Grandpa didn’t impart any wisdom to me on his deathbed. But if he had, he most certainly would not have said, “Sonny, now don’t you walk on no frozen river!” Because some things are just common sense.
But a lot of Pittsburghers must’ve passed on Common Sense and pressed C5, for a bag of Cheetos, from the Great Vending Machine of Life.
With temperatures staying below freezing for much of January, it didn’t take long for local media to begin carrying reports of people walking on Pittsburgh’s three frozen rivers. Even national news picked up the stories. The trend began Jan. 28, when a Pittsburgh man caught trespassing at a former Veterans Administration site near Highland Park fled from police by walking onto the frozen Allegheny. He managed to slip-slide away for three hours but was arrested when he came back to shore about 4 miles north. I suppose this story really isn’t funny, but it occurred to me that it would have been ironic if he went onto the ice to escape from ICE, which was operating not far away, in Oakmont.

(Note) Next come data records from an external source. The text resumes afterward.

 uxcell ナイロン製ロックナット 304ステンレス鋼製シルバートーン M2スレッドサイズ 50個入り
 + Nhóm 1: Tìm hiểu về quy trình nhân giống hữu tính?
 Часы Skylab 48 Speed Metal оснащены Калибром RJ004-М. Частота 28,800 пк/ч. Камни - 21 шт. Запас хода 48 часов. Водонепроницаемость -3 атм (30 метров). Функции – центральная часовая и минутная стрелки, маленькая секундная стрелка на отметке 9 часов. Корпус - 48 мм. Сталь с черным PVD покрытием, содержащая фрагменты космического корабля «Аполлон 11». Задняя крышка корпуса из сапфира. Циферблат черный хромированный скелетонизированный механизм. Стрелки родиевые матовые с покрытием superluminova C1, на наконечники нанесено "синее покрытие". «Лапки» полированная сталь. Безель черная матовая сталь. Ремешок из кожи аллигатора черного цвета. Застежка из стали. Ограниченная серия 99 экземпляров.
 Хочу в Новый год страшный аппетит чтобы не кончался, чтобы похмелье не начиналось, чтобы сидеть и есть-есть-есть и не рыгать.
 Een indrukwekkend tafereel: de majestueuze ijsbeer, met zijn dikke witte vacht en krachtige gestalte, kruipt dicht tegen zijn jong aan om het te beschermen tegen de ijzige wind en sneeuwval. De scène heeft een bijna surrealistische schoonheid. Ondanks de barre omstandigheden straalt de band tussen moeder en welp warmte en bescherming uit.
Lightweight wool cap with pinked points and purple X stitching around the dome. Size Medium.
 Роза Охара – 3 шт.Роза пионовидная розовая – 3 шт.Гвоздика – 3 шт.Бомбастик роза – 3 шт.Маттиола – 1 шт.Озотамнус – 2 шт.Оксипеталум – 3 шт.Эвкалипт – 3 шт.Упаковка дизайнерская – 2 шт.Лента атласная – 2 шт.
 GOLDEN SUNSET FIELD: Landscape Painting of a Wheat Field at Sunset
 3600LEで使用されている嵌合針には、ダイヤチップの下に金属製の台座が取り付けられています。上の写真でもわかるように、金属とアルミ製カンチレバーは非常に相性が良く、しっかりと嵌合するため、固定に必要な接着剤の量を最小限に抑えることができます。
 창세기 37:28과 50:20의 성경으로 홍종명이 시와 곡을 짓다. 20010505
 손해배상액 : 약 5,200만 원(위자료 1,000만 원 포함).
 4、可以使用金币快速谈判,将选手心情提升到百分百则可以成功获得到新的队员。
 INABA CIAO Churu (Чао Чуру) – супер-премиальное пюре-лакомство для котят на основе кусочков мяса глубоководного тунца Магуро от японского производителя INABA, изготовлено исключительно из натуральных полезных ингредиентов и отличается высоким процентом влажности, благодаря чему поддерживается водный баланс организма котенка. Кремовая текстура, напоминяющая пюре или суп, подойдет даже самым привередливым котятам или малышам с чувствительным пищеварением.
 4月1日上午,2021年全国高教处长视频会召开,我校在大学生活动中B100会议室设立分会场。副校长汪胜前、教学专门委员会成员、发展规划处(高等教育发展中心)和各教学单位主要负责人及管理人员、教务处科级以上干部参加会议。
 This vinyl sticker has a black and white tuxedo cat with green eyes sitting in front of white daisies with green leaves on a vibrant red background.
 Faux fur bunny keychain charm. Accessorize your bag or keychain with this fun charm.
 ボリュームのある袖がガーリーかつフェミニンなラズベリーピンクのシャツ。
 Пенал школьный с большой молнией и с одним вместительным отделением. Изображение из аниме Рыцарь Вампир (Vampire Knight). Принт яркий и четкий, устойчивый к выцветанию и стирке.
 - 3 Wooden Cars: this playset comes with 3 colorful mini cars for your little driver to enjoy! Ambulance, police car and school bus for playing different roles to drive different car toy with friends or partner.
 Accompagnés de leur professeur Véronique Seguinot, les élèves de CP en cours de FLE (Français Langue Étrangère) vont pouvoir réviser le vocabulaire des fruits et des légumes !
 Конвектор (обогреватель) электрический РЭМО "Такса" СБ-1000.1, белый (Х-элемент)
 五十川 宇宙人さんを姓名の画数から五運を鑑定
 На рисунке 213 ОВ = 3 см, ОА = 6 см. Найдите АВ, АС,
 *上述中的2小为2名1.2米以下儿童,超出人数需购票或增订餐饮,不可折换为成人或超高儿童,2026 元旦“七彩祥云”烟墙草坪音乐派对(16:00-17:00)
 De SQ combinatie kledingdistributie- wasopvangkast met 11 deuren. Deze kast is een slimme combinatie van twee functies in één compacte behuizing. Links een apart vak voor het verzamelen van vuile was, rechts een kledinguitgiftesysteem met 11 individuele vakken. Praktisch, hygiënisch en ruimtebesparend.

I thought this would be an isolated incident until TV reports two weekends ago showed a number of adults — some accompanied by children — walking and cavorting on the ice of the Allegheny, Monongahela and Ohio rivers near the Point and North Shore. As the late, beloved Pittsburgh sportscaster Myron Cope might’ve said, “Yoi and double yoi!”
But perhaps I’m being too harsh on our western Pennsylvania brethren. On Feb. 4, the Philadelphia Inquirer ran this headline: “A ‘significant’ portion of the Schuylkill is frozen. Don’t do anything stupid.” The local NBC TV outlet in Washington, D.C., warned: “Don’t walk on the icy Potomac River. If you fall in, here’s how fast hypothermia sets in.” And tempting fate on ice is not an exclusively American trait. The Reuters news service reported on Feb. 3 that people were walking and skating on the frozen Motlawa River in Gdansk. And residents of Kyiv, Ukraine, held a dance party on the frozen Dnipro River.
Forget what people say about music being the universal language. I think it must be, “Hey! The river’s frozen! Let’s go out there!”
In Pittsburgh, the best anti-ice advice came not from public safety officials or emergency personnel, but from National Weather Service hydrologist Alicia Miller. “There’s going to be pockets that are very thin or open,” she said of the Allegheny, “and if someone steps in the wrong place, they can go under. And they’re not going to come back up.”
And yet we continue to tempt fate. Why?
Maybe we have a vague, nostalgic memory of the 1862 Currier and Ives lithograph called “Central-Park, Winter. The Skating Pond,” a print that remains quite popular almost 165 years after it first appeared. The scene depicts hundreds of gaily attired men, women and children — and at least one dog — skating, sliding, walking and falling on the frozen 38-acre lake in mid-Manhattan. Looks quite inviting — safe, even.
I doubt that there are any Currier and Ives prints called “Central-Park, Winter. People screaming after falling through ice.”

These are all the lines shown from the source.